Nárrame el placer de estar contigo Jorge

person Publicado por: Aina Flores profesional de la sexología list En: Relatos eróticos En: comment Comentario: 0 favorite Golpear: 385

Vamos a disfrutar de un ratito a solas con nuestro relato. !Feliç Sant Jordi!

Nárrame el placer de estar contigo, Jorge

El librero le vuelve loca. Hace mucho tiempo que le cuesta disimular que es su debilidad.

Claudia estaba deseando bajar la persiana de la tienda para tener más intimidad. Ya a solas con él, se pasea por entre las estanterías del precioso lugar. Mientras, su librero se acomoda en el gran sillón, sujetando el libro elegido. Jorge siempre le narra sus párrafos favoritos, con esa voz profunda, grave, que hipnotiza a la chica de sueños rotos.

Claudia, al escucharlo recitar, incluso en los textos más oscuros y terroríficos, le nace sentirlo a otro nivel.

—¿Qué libro has elegido para hoy? —pregunta Claudia, asomándose por detrás de una de las estanterías.
—Literatura erótica. —Al ver la reacción de la chica, dibuja una sonrisa de lado y baja la mirada a las páginas del libro —. Esta vez será distinto, Claudia. Si tú quieres.
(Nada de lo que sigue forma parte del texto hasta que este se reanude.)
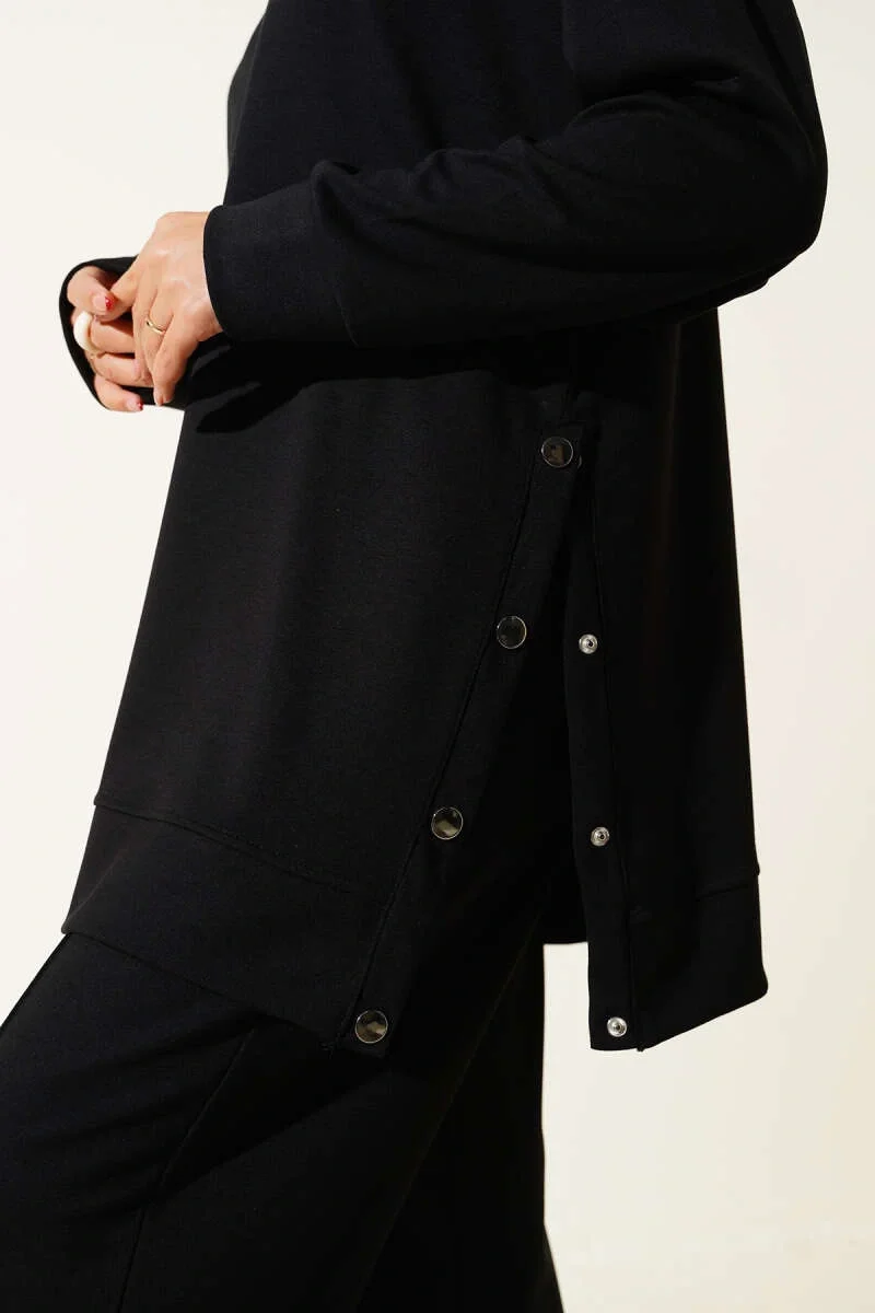 Bisiklet Yaka Yanları Metal Düğmeli İkili Takım Siyah
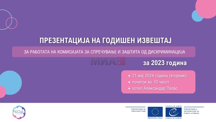 Комисијата за спречување и заштита од дискриминација денеска ќе го презентира Годишниот извештај за работата за 2023 година.

Han compartido la lectura de novelas policíacas, de terror, de fantasía… Pero solo eso.
No ha pasado nada entre ellos, excepto sentir mucha complicidad entre letras.
Se tienen ganas. Acumuladas, más bien. Ya son irrefrenables.
Entre ellos existe una tensión textual y sexual.

—Pensé que podría ser más ¿literal? —Jorge escapa una risa tímida —. Leo un párrafo, otro párrafo, otro y…
—¿Y? —lo apresura Claudia, intuyendo el plan.
—Puedes solo escuchar o, hacer lo que te narre. Cuando aparezca el personaje masculino, si me lo lees tú a mí, puedo reproducir la escena, ante ti.

Claudia se acomoda en el sofá, junto a Jorge.
Empieza a ser la mejor cita que hayan tenido jamás.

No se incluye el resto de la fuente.